In his brief anthology of wit and wisdom, Quips and Quotes, he includes this observation from GK Chesterton: ‘It is easy to be solemn; it is so hard to be frivolous… Responsibility, a heavy and cautious responsibility of speech, is the easiest thing in the world; anybody can do it. That is why so many tired, elderly and wealthy men go in for politics. They are responsible because they have not the strength of mind left to be irresponsible.’

He also quotes his old friend Malcolm Muggeridge: ‘Don’t believe everything you write in the newspapers.’

He relinquished his editorship of Private Eye in 1986 because he had grown bored of the responsibility of dealing with the endless libel suits, which were then, as now, the price irresponsibility pays to power.

With characteristic perversity, six years later, in the midst of one of those periodic crushes Britain has on ‘youth culture’, he hit on the idea of a magazine devoted to its opposite.

What to call it? Ian Hislop, his successor at Private Eye, suggested The Old Bore, but instead Richard opted for The Oldie. At the time, he was just 54.

‘This old-man thing, he’s been putting that on for years,’ noted his old schoolfriend Willie Rushton – who, as it happens, had long employed much the same act, to great comic effect.

Friends and enemies alike predicted a flop. ‘The Oldie is a joke. It will go down with all hands,’ predicted Peter McKay, who went on to become editor of Punch, before it went down with all hands. The Guardian predicted that The Oldie ‘will prove that this satirist of a certain age, this doyen of the dinosaur hacks, this gerontosaurus rex, is committed only to the cares of his class, sex and generation’.

Julie Burchill greeted the first issue by sending a letter to its editor: ‘Congratulations on producing the most pathetic magazine ever published.’
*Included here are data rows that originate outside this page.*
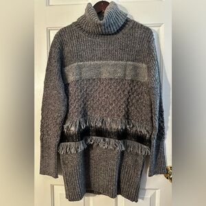 BANANA REPUBLIC Med VINTAGE Mixed Textile Wool Alpaca Chunky Fringe Turtleneck
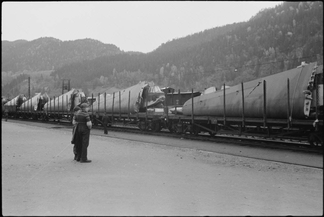 En Norvège, un train chargé de planeurs DFS-230 du 8./Luftlandegeschwader 1 (8./LLG1).
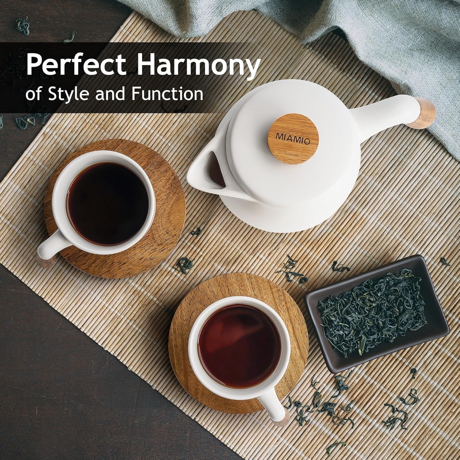 MIAMIO – 34 Oz Ceramic Tea Pot Set with Infuser and Cups/Tea Strainer, 4 Ceramic Tea Mugs (10 Oz), Bamboo Saucers/Handle for Home and Office (White)
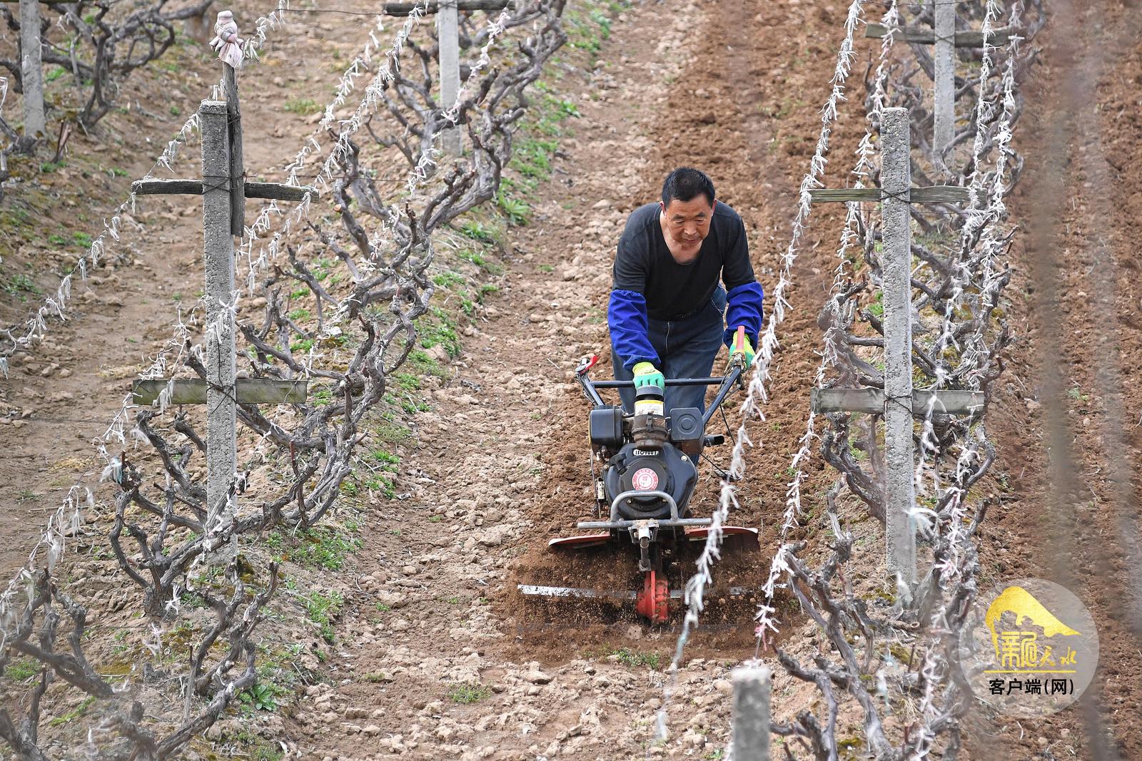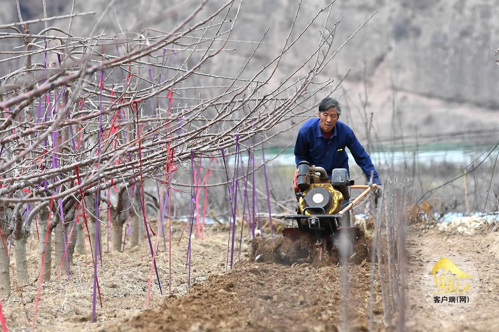 日前,记者走访了麦积区马跑泉镇、伯阳镇和秦州区太京镇。公路两旁的田地果园里,农民们操作着旋耕机翻耕土地,剪枝嫁接、施肥喷药,一派繁忙景象。(天水融媒记者 孙镇 摄)

Ever perverse, Ingrams welcomed such vituperation. ‘It was this letter from Julie Burchill that persuaded me that we might have a future. It was such a magnificent tribute from exactly the right sort of icon of modern Britain that I took some convincing it wasn’t a hoax.’

It turned out that his critics were barking up the wrong tree. From the start, The Oldie was much broader than the song sheet to old-bufferdom its rather narrow title suggested. Its contributors were many and various – Germaine Greer, Beryl Bainbridge, Richard Mabey, Auberon Waugh, Ruth Rendell, Lucinda Lambton, William Trevor, Jennifer Paterson – and Ingrams encouraged them to venture away from the beaten track. For instance, Patricia Highsmith, best known for her dark tales of murder and recrimination, contributed charming pen-drawings of Venice.
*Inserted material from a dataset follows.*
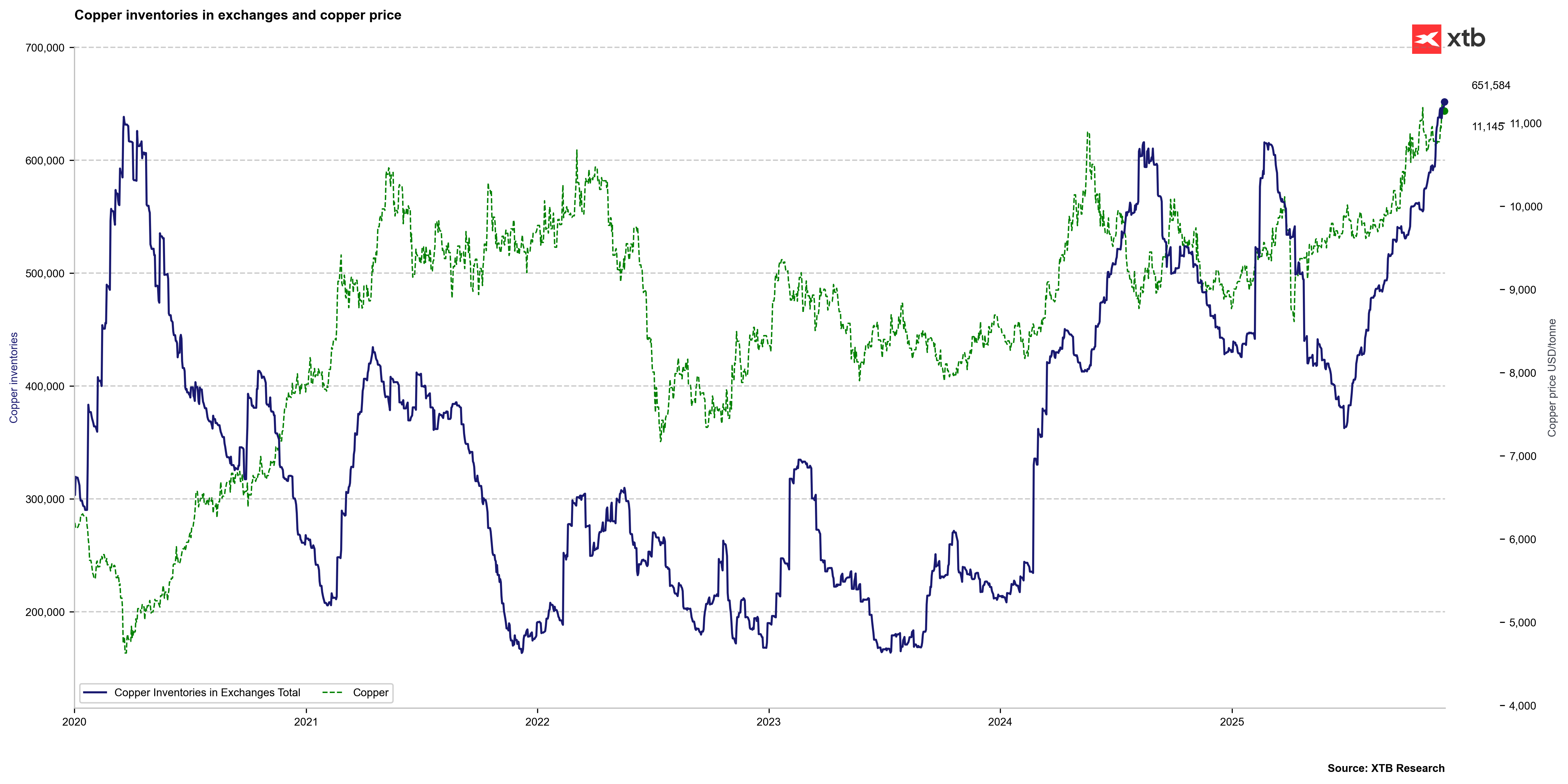 Na nedávno ukončené konferenci Asia Copper Week analytici jednoznačně upozornili na hrozící nedostatek mědi. Čínské rafinerie snižují produkci a série nehod v dolech v posledních měsících výrazně omezila nabídku této suroviny. Výrobci a dovozci ve velkém hromadí zásoby kovu, protože se připravují na dlouhodobé problémy s dostupností a očekávaný nárůst poptávky – ta je tažena výstavbou datových center a energetické infrastruktury. Měď se tak nachází v silném a dlouhodobém růstovém trendu.
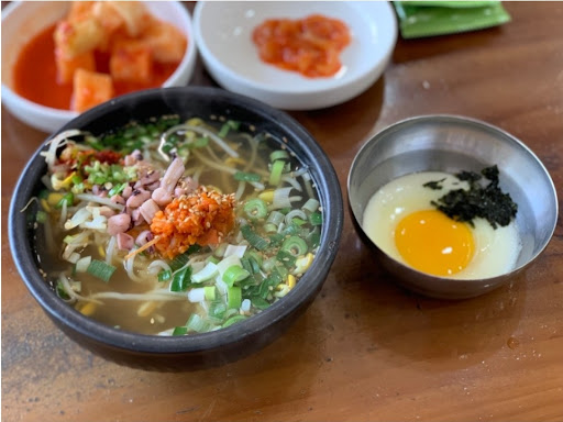 Read more맛은 깔끔하고 오징어젖 밑반찬도 먹을만해서 3점 수준봅니다 서비스와 친절도는 물도 안갖다줘서 물달라고하니까 그때서야 셀프서비스라고 갖다먹는거라고 퉁명스럽게 말하는 서빙아줌마 때문에 0점 입니다. 가격점수는 소금간에 날계란도 안주는데 콩나물국밥이 8천~9천이면 넘 비싸서 0점 입니다. 물서빙도 안해주면서 안내서비스...

In its readiness to incorporate the past, The Oldie made the fixation of other newspapers and magazines on the here and now seem peculiarly limited.

Its wonderful range was best caught by my favourite feature, I Once Met, in which random correspondents recalled chance meetings with the famous and infamous. An elderly reader remembered being attacked in an air-raid shelter by a policeman during the war, and narrowly escaping with her life. At the time, no one had believed her but, ten years later, when John Christie was put on trial for the murders at Rillington Place, she realised with a start that this was her assailant.
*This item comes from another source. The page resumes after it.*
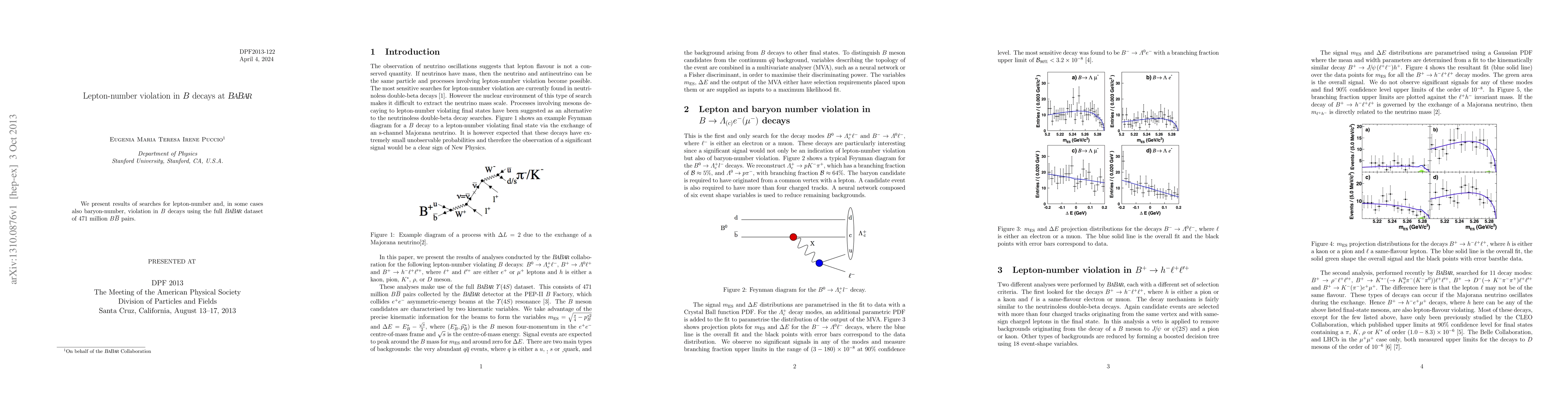 Summary: This study investigates lepton-number and baryon-number violation in B meson decays using the complete BaBar dataset of 471 million BBbar pairs, reporting findings on potential lepton-number violation in B decays. The results contribute to understanding fundamental symmetries in particle physics.
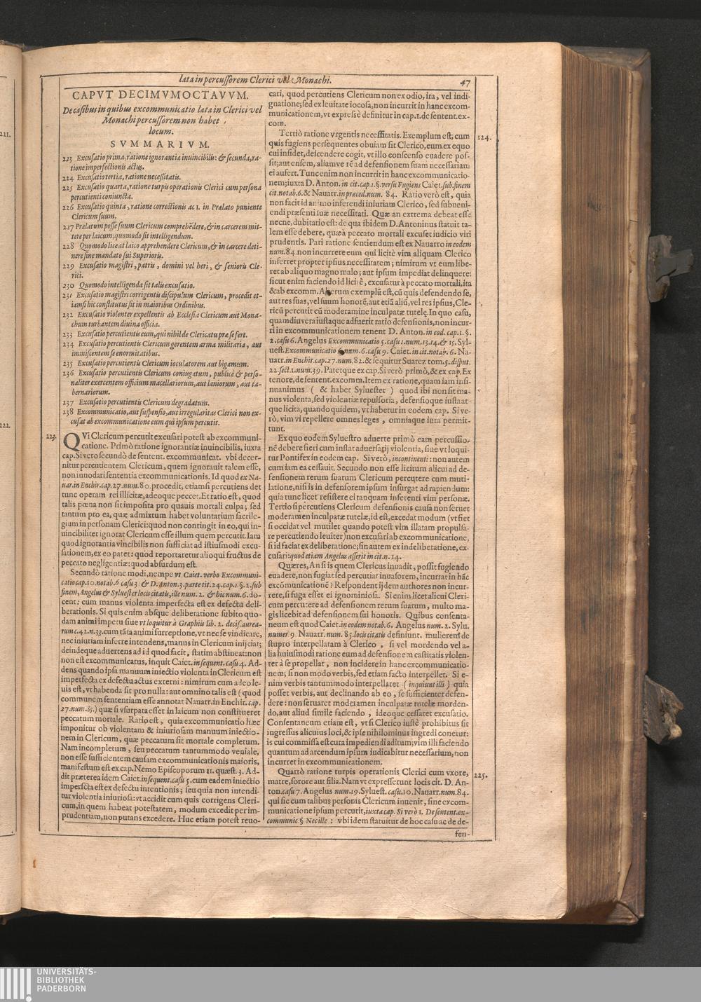 Cap. 18. De casibus, in quibus excommunicatio lata in Clerici, vel MOnachi percussorem[...]

A TV producer remembered dealing with Evelyn Waugh before the BBC recording of Face to Face with John Freeman. ‘The name is Waugh – not Wuff!’ he barked. ‘But I called you Mr Waugh,’ Freeman protested. ‘No, no, I distinctly heard you say “Wuff”.’

And, as if to prove Claud Cockburn’s instincts right, one correspondent recalled an encounter with Albert Schweitzer that had turned unexpectedly sour. As a student at Oxford in 1932, the young Joseph Connolly – later to become known as master of the dummy keyboard – had been asked to assist the great humanitarian in an organ recital at New College. Connolly was in charge of pulling out the stops on the left, and Madame Schweitzer the stops on the right. Alas, Madame Schweitzer pulled a stop out at the wrong time.

‘Dr Schweitzer cut short his playing and, in a loud voice, thundered abuse at his poor, weeping wife and ordered her out of the organ loft.’